* _WHAT YOU ARE ASKED TO DO_: Please copy, exactly as they appear below, the lines from the one containing "Iberflora trade fair" through the one containing "PIZZA 4D40+ 4D40".

* _GIVEN INFORMATION_:
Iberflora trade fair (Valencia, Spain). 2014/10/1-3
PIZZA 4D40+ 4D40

* * *

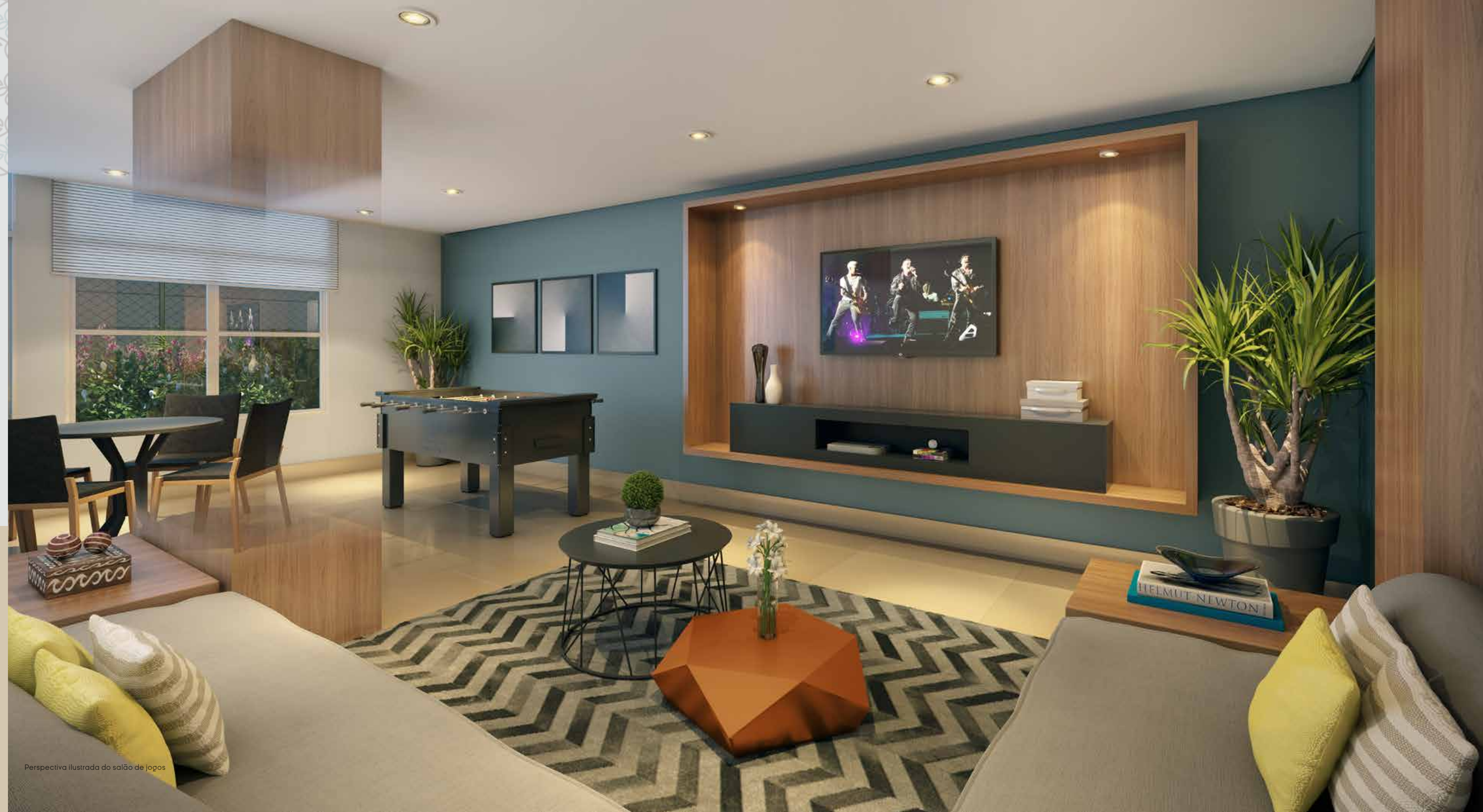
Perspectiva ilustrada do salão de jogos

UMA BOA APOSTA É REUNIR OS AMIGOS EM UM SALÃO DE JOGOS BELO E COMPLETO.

---

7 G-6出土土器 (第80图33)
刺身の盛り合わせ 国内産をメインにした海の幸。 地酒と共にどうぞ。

* _SOLUTION FOR THIS TASK_:
Iberflora trade fair (Valencia, Spain). 2014/10/1-3
PIZZA 4D40+ 4D40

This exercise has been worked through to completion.